■ TASK ITEM ■
Output the complete listing exactly, please, and keep the pictures out of it.
%%
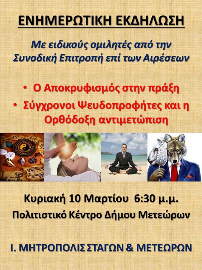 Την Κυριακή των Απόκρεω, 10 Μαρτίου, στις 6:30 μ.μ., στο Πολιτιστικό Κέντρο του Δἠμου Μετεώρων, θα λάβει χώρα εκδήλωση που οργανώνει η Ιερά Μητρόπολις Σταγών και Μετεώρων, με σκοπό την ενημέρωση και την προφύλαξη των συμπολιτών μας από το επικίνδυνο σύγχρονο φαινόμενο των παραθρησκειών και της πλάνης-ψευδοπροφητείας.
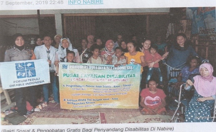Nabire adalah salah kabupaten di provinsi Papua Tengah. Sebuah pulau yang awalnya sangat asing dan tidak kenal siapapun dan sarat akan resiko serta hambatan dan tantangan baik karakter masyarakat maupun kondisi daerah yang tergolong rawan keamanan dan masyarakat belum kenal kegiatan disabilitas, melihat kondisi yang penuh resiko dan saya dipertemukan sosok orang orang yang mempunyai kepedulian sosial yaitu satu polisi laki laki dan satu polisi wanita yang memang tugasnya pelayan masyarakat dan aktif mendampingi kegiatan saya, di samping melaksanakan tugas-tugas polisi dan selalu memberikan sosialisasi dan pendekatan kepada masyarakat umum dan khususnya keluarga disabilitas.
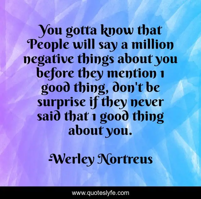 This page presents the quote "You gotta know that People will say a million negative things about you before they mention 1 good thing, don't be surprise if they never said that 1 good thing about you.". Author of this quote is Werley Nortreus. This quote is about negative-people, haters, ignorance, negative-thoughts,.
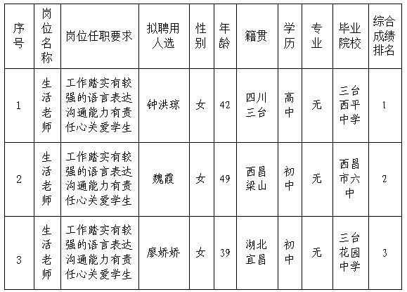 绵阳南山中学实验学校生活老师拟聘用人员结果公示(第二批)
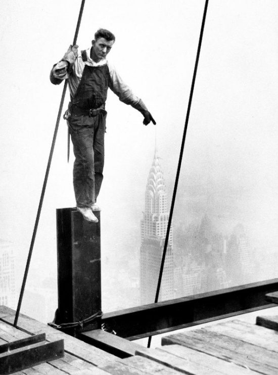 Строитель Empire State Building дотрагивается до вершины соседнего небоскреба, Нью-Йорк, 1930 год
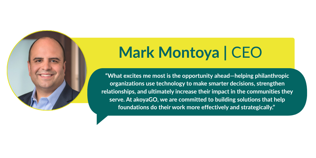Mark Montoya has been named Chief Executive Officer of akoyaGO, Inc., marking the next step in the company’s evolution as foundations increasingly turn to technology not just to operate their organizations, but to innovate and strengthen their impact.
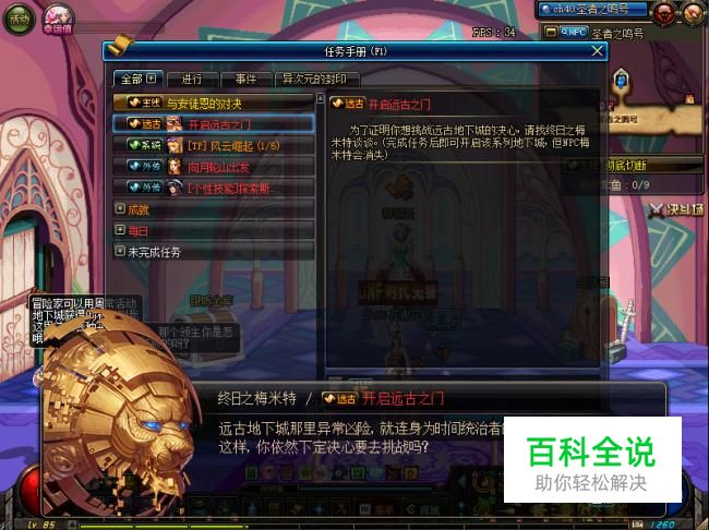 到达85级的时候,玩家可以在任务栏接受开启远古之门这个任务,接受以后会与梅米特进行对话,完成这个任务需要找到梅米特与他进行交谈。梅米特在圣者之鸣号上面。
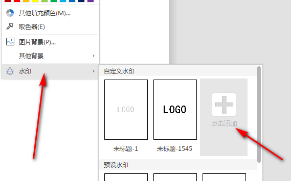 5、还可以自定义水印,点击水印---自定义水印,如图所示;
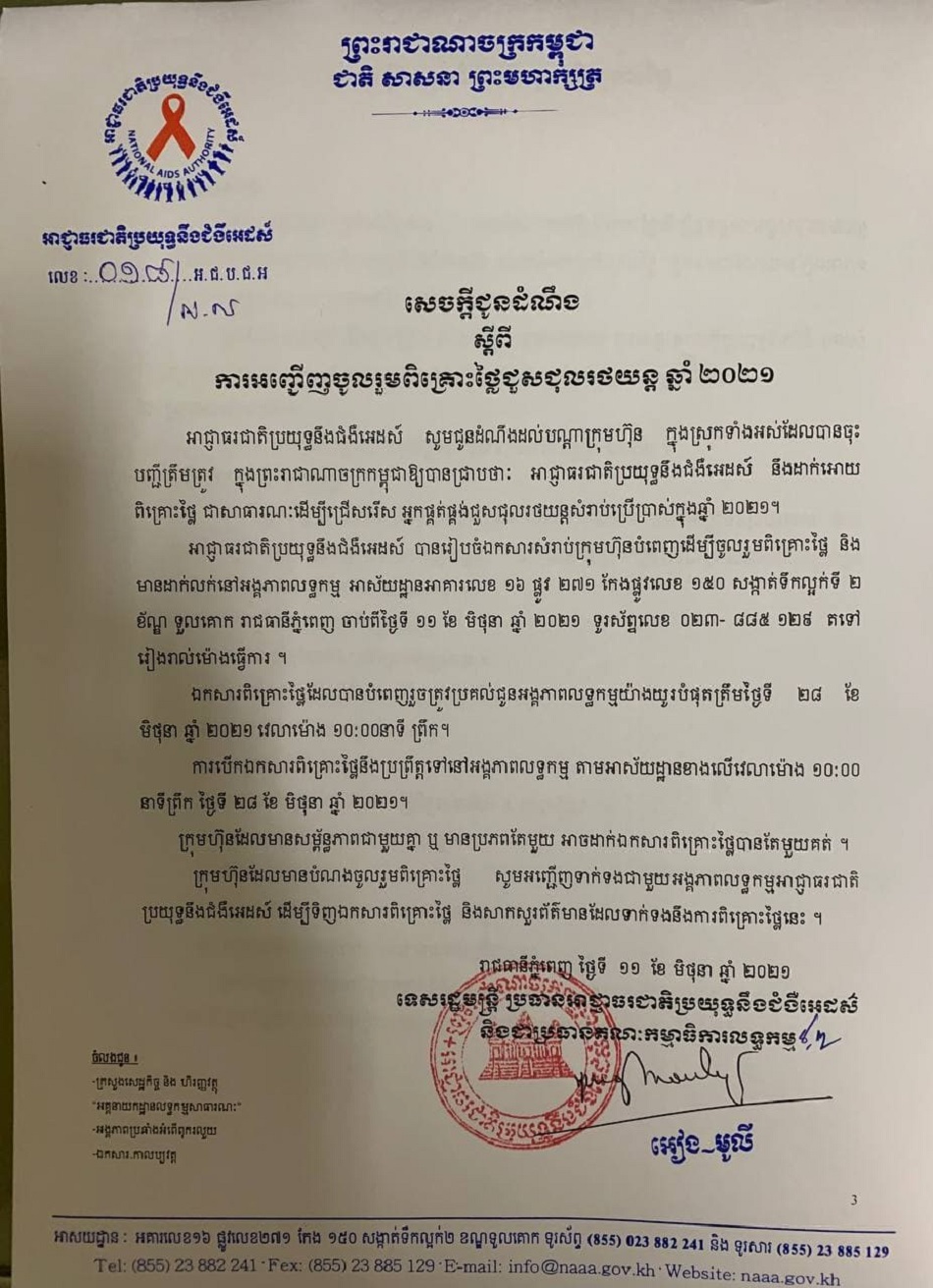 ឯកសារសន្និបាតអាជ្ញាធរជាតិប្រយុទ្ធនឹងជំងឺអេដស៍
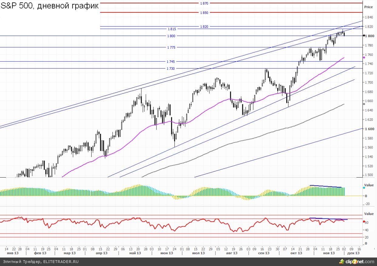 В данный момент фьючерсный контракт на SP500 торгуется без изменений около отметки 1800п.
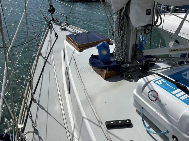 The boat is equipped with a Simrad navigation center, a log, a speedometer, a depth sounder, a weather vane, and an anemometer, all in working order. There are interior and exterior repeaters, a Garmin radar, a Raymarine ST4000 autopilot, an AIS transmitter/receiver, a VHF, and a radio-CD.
%%
■ YOUR SOLUTION ■
 Την Κυριακή των Απόκρεω, 10 Μαρτίου, στις 6:30 μ.μ., στο Πολιτιστικό Κέντρο του Δἠμου Μετεώρων, θα λάβει χώρα εκδήλωση που οργανώνει η Ιερά Μητρόπολις Σταγών και Μετεώρων, με σκοπό την ενημέρωση και την προφύλαξη των συμπολιτών μας από το επικίνδυνο σύγχρονο φαινόμενο των παραθρησκειών και της πλάνης-ψευδοπροφητείας.
Nabire adalah salah kabupaten di provinsi Papua Tengah. Sebuah pulau yang awalnya sangat asing dan tidak kenal siapapun dan sarat akan resiko serta hambatan dan tantangan baik karakter masyarakat maupun kondisi daerah yang tergolong rawan keamanan dan masyarakat belum kenal kegiatan disabilitas, melihat kondisi yang penuh resiko dan saya dipertemukan sosok orang orang yang mempunyai kepedulian sosial yaitu satu polisi laki laki dan satu polisi wanita yang memang tugasnya pelayan masyarakat dan aktif mendampingi kegiatan saya, di samping melaksanakan tugas-tugas polisi dan selalu memberikan sosialisasi dan pendekatan kepada masyarakat umum dan khususnya keluarga disabilitas.
 This page presents the quote "You gotta know that People will say a million negative things about you before they mention 1 good thing, don't be surprise if they never said that 1 good thing about you.". Author of this quote is Werley Nortreus. This quote is about negative-people, haters, ignorance, negative-thoughts,.
 绵阳南山中学实验学校生活老师拟聘用人员结果公示(第二批)
 Строитель Empire State Building дотрагивается до вершины соседнего небоскреба, Нью-Йорк, 1930 год
Mark Montoya has been named Chief Executive Officer of akoyaGO, Inc., marking the next step in the company’s evolution as foundations increasingly turn to technology not just to operate their organizations, but to innovate and strengthen their impact.
 到达85级的时候,玩家可以在任务栏接受开启远古之门这个任务,接受以后会与梅米特进行对话,完成这个任务需要找到梅米特与他进行交谈。梅米特在圣者之鸣号上面。
 5、还可以自定义水印,点击水印---自定义水印,如图所示;
 ឯកសារសន្និបាតអាជ្ញាធរជាតិប្រយុទ្ធនឹងជំងឺអេដស៍
 В данный момент фьючерсный контракт на SP500 торгуется без изменений около отметки 1800п.
 The boat is equipped with a Simrad navigation center, a log, a speedometer, a depth sounder, a weather vane, and an anemometer, all in working order. There are interior and exterior repeaters, a Garmin radar, a Raymarine ST4000 autopilot, an AIS transmitter/receiver, a VHF, and a radio-CD.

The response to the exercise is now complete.